DATA RECORDS.
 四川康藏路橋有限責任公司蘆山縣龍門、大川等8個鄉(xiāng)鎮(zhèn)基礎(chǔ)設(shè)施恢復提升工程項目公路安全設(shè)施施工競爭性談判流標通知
* * *
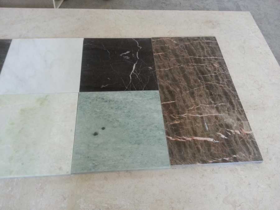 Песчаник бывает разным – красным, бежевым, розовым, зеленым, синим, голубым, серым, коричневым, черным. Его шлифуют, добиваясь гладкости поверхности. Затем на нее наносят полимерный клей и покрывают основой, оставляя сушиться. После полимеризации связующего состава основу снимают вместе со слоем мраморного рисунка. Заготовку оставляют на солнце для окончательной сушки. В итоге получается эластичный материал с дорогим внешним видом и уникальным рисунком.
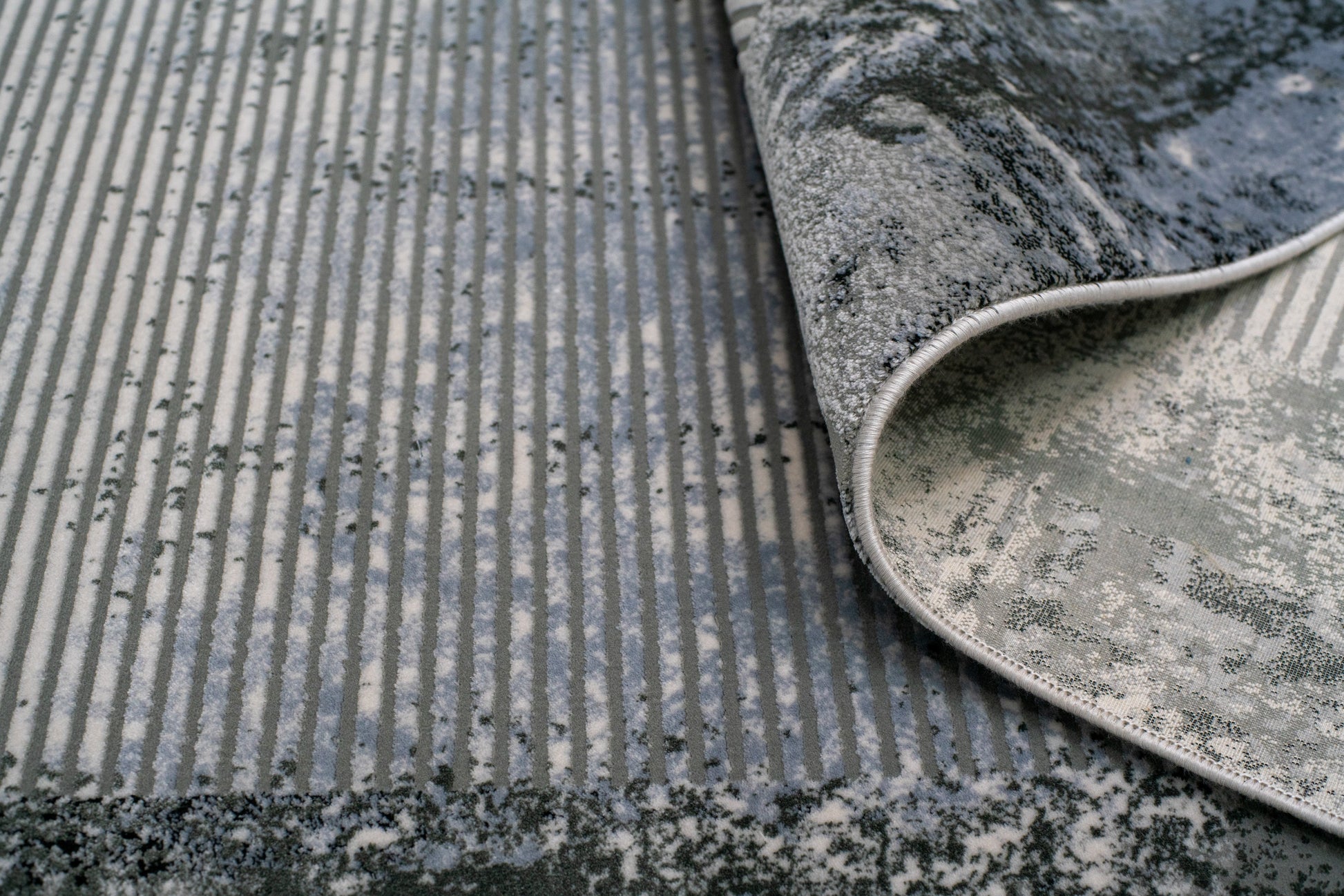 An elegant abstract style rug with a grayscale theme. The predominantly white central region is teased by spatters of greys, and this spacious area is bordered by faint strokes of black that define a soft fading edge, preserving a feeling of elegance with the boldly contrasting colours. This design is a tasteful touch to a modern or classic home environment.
--
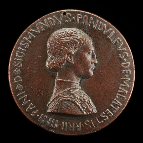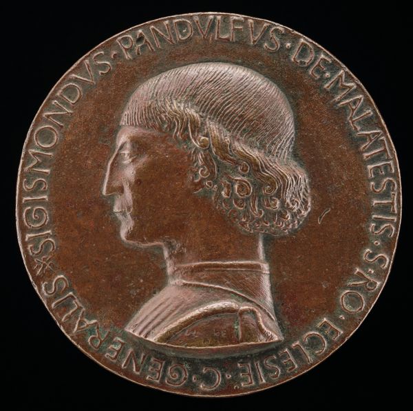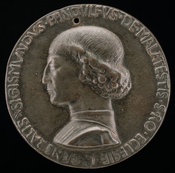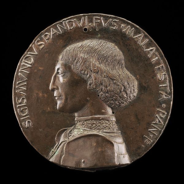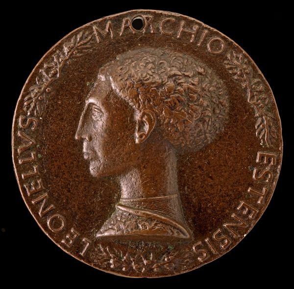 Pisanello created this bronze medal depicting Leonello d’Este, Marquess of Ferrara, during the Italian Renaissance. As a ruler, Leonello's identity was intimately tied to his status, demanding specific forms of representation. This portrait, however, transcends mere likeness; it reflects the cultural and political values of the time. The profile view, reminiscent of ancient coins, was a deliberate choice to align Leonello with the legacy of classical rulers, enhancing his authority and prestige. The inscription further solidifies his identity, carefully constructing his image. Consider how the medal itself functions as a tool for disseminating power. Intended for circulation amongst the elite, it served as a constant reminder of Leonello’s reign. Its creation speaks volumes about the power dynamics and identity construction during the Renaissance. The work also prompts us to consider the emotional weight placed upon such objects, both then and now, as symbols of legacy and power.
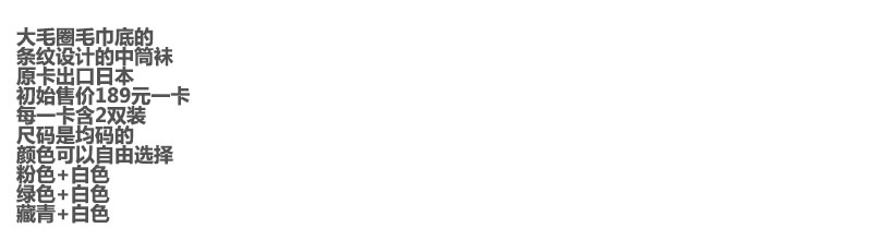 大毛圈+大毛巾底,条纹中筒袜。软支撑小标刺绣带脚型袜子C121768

TASK DETAILS. From the records above, copy exactly the stretch from the line holding "Песчаник бывает разным" through the line holding "An elegant abstract", both ends included, without the pictures.

YOUR SOLUTION.
 Песчаник бывает разным – красным, бежевым, розовым, зеленым, синим, голубым, серым, коричневым, черным. Его шлифуют, добиваясь гладкости поверхности. Затем на нее наносят полимерный клей и покрывают основой, оставляя сушиться. После полимеризации связующего состава основу снимают вместе со слоем мраморного рисунка. Заготовку оставляют на солнце для окончательной сушки. В итоге получается эластичный материал с дорогим внешним видом и уникальным рисунком.
 An elegant abstract style rug with a grayscale theme. The predominantly white central region is teased by spatters of greys, and this spacious area is bordered by faint strokes of black that define a soft fading edge, preserving a feeling of elegance with the boldly contrasting colours. This design is a tasteful touch to a modern or classic home environment.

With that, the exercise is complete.